- Born: May 12, 1886 Cleveland, Ohio
- Resting place: Lake View Cemetery, Cleveland, Ohio
- Occupations: Patron of the arts, arts leader, and philanthropist.
- Spouse: Henry A. Everett
- Children: Leolyn Louise Everett Spelman, Dorothy Burnham Everett
- Parent(s): Charles Ballard Pettengill and Abbey Louise Burnham Pettengill

= Josephine P. Everett =

Josephine Pettingill Everett (May 12, 1866 – July 4, 1937) was a patron of the arts, arts leader, and philanthropist. She is credited with being a major supporter of the Hollywood Bowl and the Pasadena Playhouse at their inception. Her home became the headquarters of the Shakespeare Club of Pasadena.

==Early life==
Everett was a Cleveland, Ohio native.
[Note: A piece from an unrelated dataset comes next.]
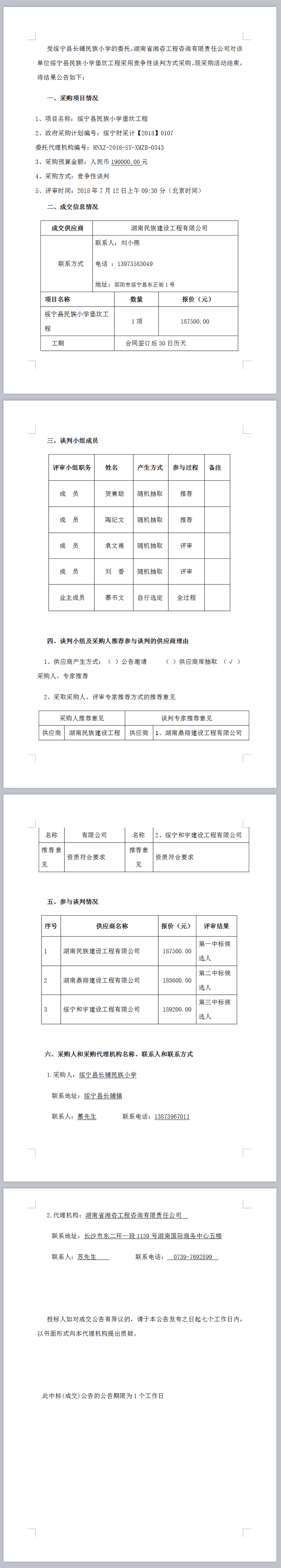 绥宁县民族小学堡坎工程谈判成交公告

She became a permanent resident of Pasadena after her husband, Henry A. Everett, died in 1917. Her philanthropy likely stemmed from her father, Charles Ballard Pettengill, a founding member of Cleveland's Society for the Prevention of Cruelty to Animals (SPCA) in the 1870s, which evolved to encompass a humane society that served women and children.

==Career==

Everett was a primary financial supporter of the Hollywood Bowl, which was founded in 1922, and the Pasadena Playhouse, founded 1924. In 1922, in her deceased daughter Dorothy Burnham Everett's name, Everett donated more than 100 notable paintings and sculptures from her collection of over 500 art pieces to the Cleveland Museum of Art, the now-Pasadena Norton Simon Museum of Art, and the San Diego Museum of Fine Arts. She also loaned pieces of art to various museums all over the country. In 1934, she donated her collection of 521 books on women and women's issues to the Huntington Library in San Marino. The donation ended up forming the core of the museum's holdings in women's studies.
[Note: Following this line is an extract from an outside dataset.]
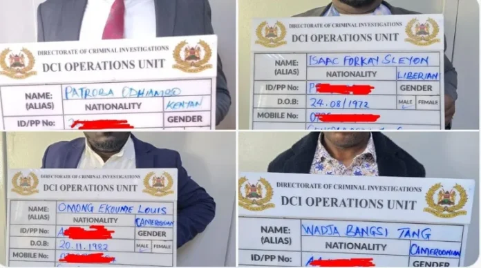 The suspects, identified as Patroba Odhiambo Tobias, Isaac Forkay Sleyon, Omong Ekoume Louis, and Wadja Bangsi Tang, were apprehended during a meticulously planned operation at a residence on Whispers Avenue in Gigiri, a neighborhood known for housing embassies, international organizations, and high-end properties.

Everett also supported musicians at her home, the Villa, in Pasadena. Among the numerous performers she hosted were concert pianist Lillian Steuber, the London String Quartet, and the local Coleman Chamber Music Ensemble. She hosted musicals at the home as well.

Everett sat on various boards of organizations including the Los Angeles Philharmonic Orchestra and Pasadena Civic Orchestra, making significant financial contributions to the latter. She also served as president of the Pasadena Community Playhouse Association and was a supporter of the California Institute of Technology, the Pasadena Public Library, the Neighborhood Church in Pasadena, the Salvation Army, and Scripps College.

==Death==
After a year of illness, Everett died at her home, the Villa, on July 4, 1937. She bequeathed an estimated endowment of $500,000 to the Cleveland Museum of Art, in addition to her donated art.